Start asking your doctor or pharmacist about generic alternatives. Many insurers will automatically switch you once generics are available. If you’re worried about cost, ask if your pharmacy offers discount programs or if your drug is on a preferred list. Don’t stop taking your medication-just start planning ahead.
One comment
Entresto generics hitting the market is just the beginning of the pharma collapse. These companies built empires on patent monopolies and now they’re scrambling like rats off a sinking ship. The FDA approved generics early? That’s not progress-that’s a sign the system was rigged for too long. Patients finally get a break, but don’t expect Big Pharma to go quietly.
There’s a typo in the second paragraph: ‘The first major hit comes in July 2025, when Novartis’ Entresto (sacubitril/valsartan) loses its core patent protection in the U.S.’ - the apostrophe after Novartis should be an apostrophe-s. Minor, but it undermines credibility when the rest is so meticulously researched.

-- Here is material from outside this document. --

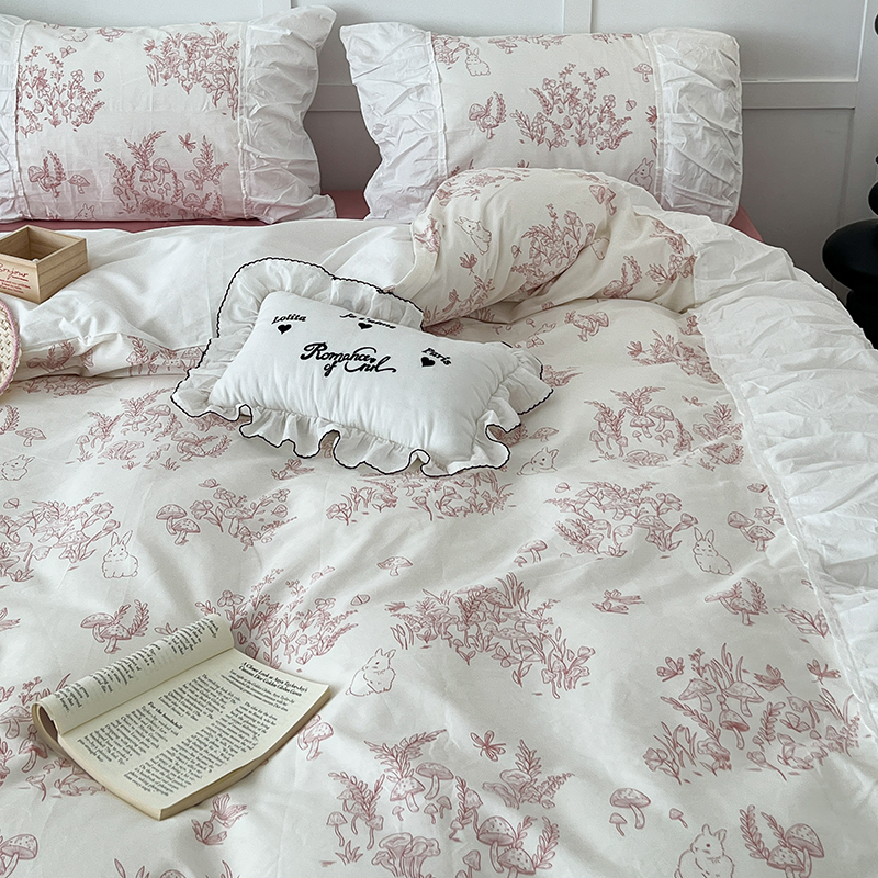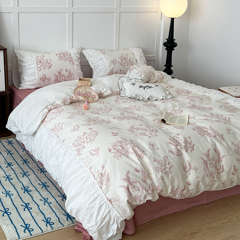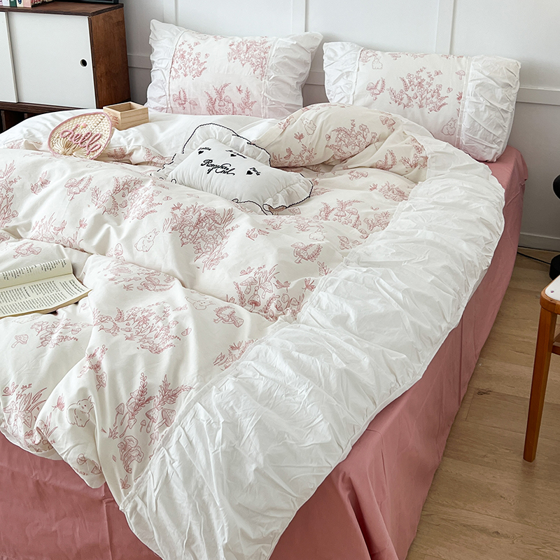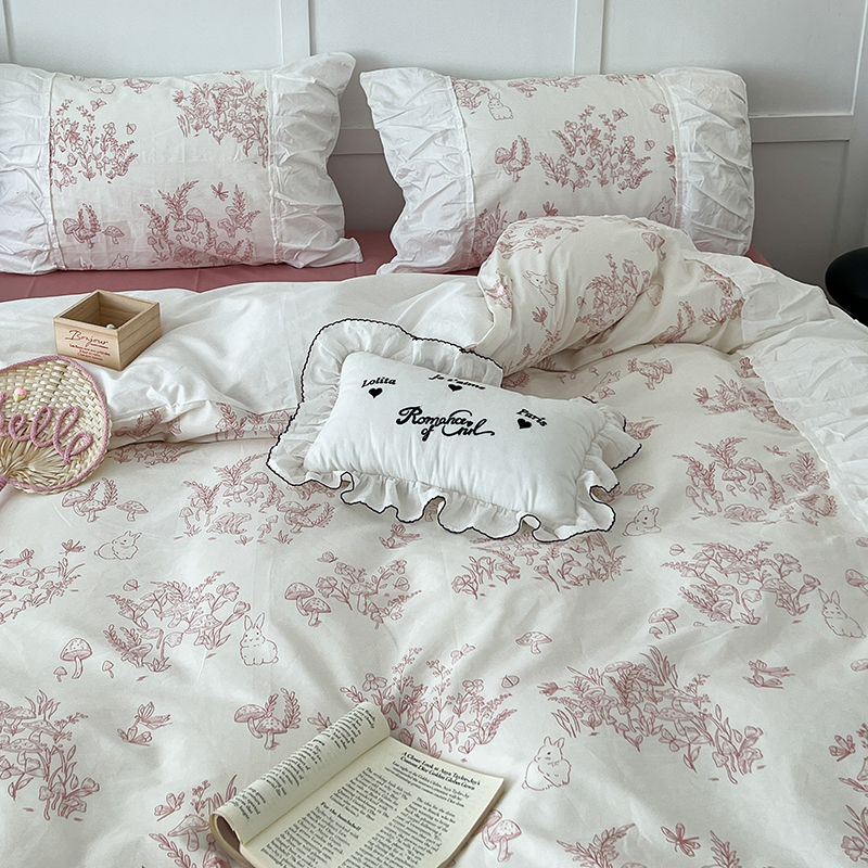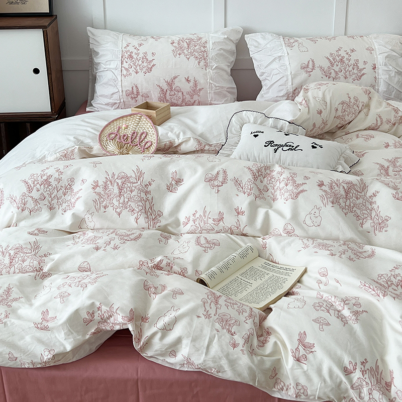 (总)昔可家纺 2024新款印花牛奶绒四件套系列-洛丽塔风,萝莉小兔,小熊烘焙屋,小熊玩偶屋

India will dominate this generics wave. We’ve been manufacturing high-quality, low-cost drugs for decades while Western pharma sat on their patents and charged $300 for a pill that costs $2 to make. The U.S. pays inflated prices because they’re too lazy to build their own supply chains. Now they’re crying because the bill finally came due. Good. Let them feel the pinch.
This is actually really exciting. I work in hospital logistics and we’ve already started training staff on switching protocols. The savings are insane-imagine a diabetic on Trulicity going from $1,200/month to $80. That’s not just a drug change-it’s life-changing for so many people. We’re seeing patients cry when they find out they’ll finally afford their meds. This is what healthcare should look like.